You’ll notice immediately that Heaney’s sentence structure is more modern (unlike Tolkien, who preferred to invert), and his language is in general much more accessible and lyrical. He’s a career poet, after all, so his translation is beautifully poetic in its rendering. That seems to be the common interpretation of his work. Heather O’Donoghue writes that “Heaney’s Beowulf is a free-standing, unfootnoted poem in its own right, with its own poetic presence and stamp of authorship”, while Andrew Motion wrote that Heaney “made a masterpiece out of a masterpiece”.
James Shapiro even makes a connection between the Heaney translation and Irish modern history, arguing that Heaney’s understanding of the poem is informed by recent memory: “Though he never says so, it will be obvious to anyone with the sketchiest knowledge of recent Irish history that the Troubles have also given Heaney access into the Beowulf poet’s profound understanding of internecine strife”. That’s an interesting way to think of it, though Heaney doesn’t mention that in the intro so we can’t say for certain that’s what he intended. But it’s just a really, really cool interpretation based on the author’s context.
There is naturally a bit of artistic liberty taken – which is to be expected from an author who was clearly very focused on making a good poem as opposed to a perfect translation. He’s aiming at a more general reader, so the translation itself seems to be secondary to whether the poem is actually engaging on an aesthetic level. For example, at line 748, when he calls Grendel a ‘captain of evil’ (nice), the more literal translation of ‘feond’ is fiend or enemy. Heaney’s interpretation adds a little extra oomph to the passage even if it goes a little way towards potentially skewing the reader’s own interpretation.
Whichever words Heaney uses, his meaning is always clear and powerful.
The verdict: gorgeous poem, mainly loyal to the source, though the nuance will be a bit skewed so it might be worth double-checking some of his translations with an Old English dictionary if you want to thoroughly understand what is being said.
Finally, Liuzza’s translation!
Liuzza’s translation is the most academically dense of the three. He offers footnotes, a thorough introduction, and five different appendixes of tiny font (not including the glossary of names and the brief history of the Geatish-Swedish wars).
This seems to be the most thorough translation and the one reviewers agree is probably the most accurate. His translation is in verse, so it has the same limitations of structure that Heaney also felt, and thus the same minor conundrums in choosing aesthetics over close interpretations. He does preserve the alliteration of the original, though it’s not really the same because he doesn’t use the aa/ab pattern – instead, he usually includes alliteration in at least two syllables per line.
Here’s his first page to show you what I mean:
It is probably a good thing that he wasn’t married to the idea of maintaining the alliterative style of the original, even though he seems to have done his best to remain true to the rhythm.
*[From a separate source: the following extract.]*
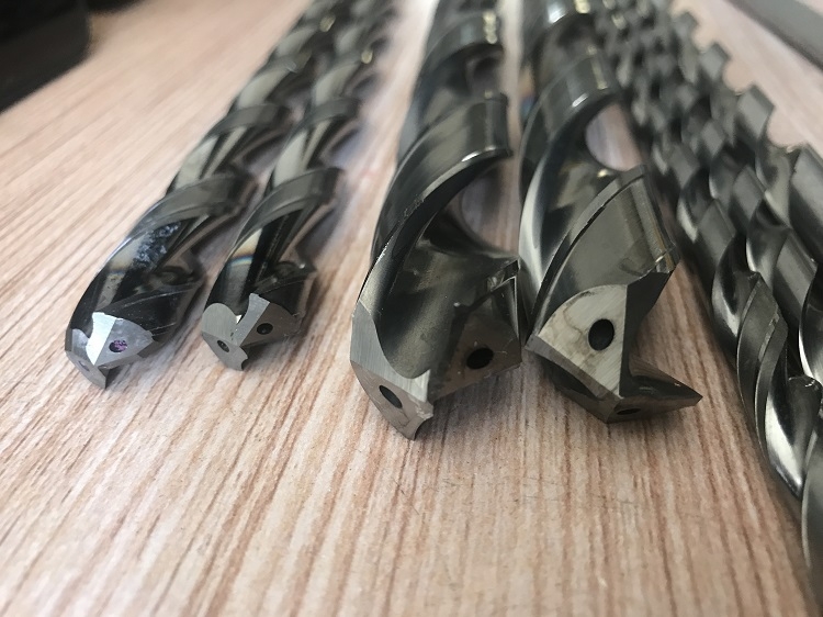 ??数控内冷麻花钻头,CNC内冷麻花钻头,内冷CNC钻头,钨钢内冷钻头公司,通过特种加工工艺,生产中心出水内冷却孔麻花钻头,钻头加工工件时由机床刀柄排水给钻头的中心内孔冷却,内冷钻头长度可按客户要求定制。锐者工具的内冷钻头,从柄部到切削刃有1个直孔或者两个螺旋交叉的孔,使压缩空气、油或切削液穿过,起到冷却刀具和工件,并冲走切屑,降低刀具的切削温度,增加刀具的使用寿命;特别适合用于深孔高速加工.机床上配上带内冷的主轴或者另外配上油路转换刀柄并可以实现内冷加工,这种钻头采用细颗粒硬质合金材料及含钴、含铝的粉末冶金高速钢材料制造,为延长使用寿命,还进行了物理涂层处理,更增加钻头的耐用度和加工尺寸的稳定,因此该内冷钻头比普通硬质合金钻头更具有优良的切削加工性能,特别适合用于深孔加工以及难加工材料并减少钻头高速加工时的高热带来的对钻头和产品外观的损伤,给您带来高速高效的钻削加工;专门设计的几何刃型使钻头具有自定心功能,在钻削大多数工件材料时具备良好的切屑控制及排屑性能,可确保孔的钻削质量,钻削后不需再进行后续精加工。加工出的孔表面光洁度好,尺寸精度和定位精度都很高。可用于加工中心、CNC车床或其它高刚性、高转速机床。锐者工具可根据客户需求定制各种内冷钻头

His alliteration does have a slight tendency to come off a bit crooked, probably due to the limitations of Modern English in conveying the same ideas with similar-sounding words. As Heather O’Donoghue notes in her review, alliteration in Liuzza’s translation “tends to illustrate the law of diminishing returns”:
“Thus, after Beowulf has killed Grendel, the poet conveys the relief of tension amongst the Danes the next day with his description of horses being raced over wide open spaces so unlike the dark and claustrophobic Heorot at night. Liuzza’s rendering – ‘At times the proud warriors let their horses prance’ (the Old English has hleapan, ‘to gallop’) – not only fails to do justice to the poet’s vivid image of release, but also introduces a verb with an inappropriate semantic field – in order, one suspects, to alliterate ‘proud’ and ‘prance’. Similarly, a man ‘marching’ the paths of exile is too positive and militaristic; the verb has been chosen nevertheless because it alliterates with its subject.”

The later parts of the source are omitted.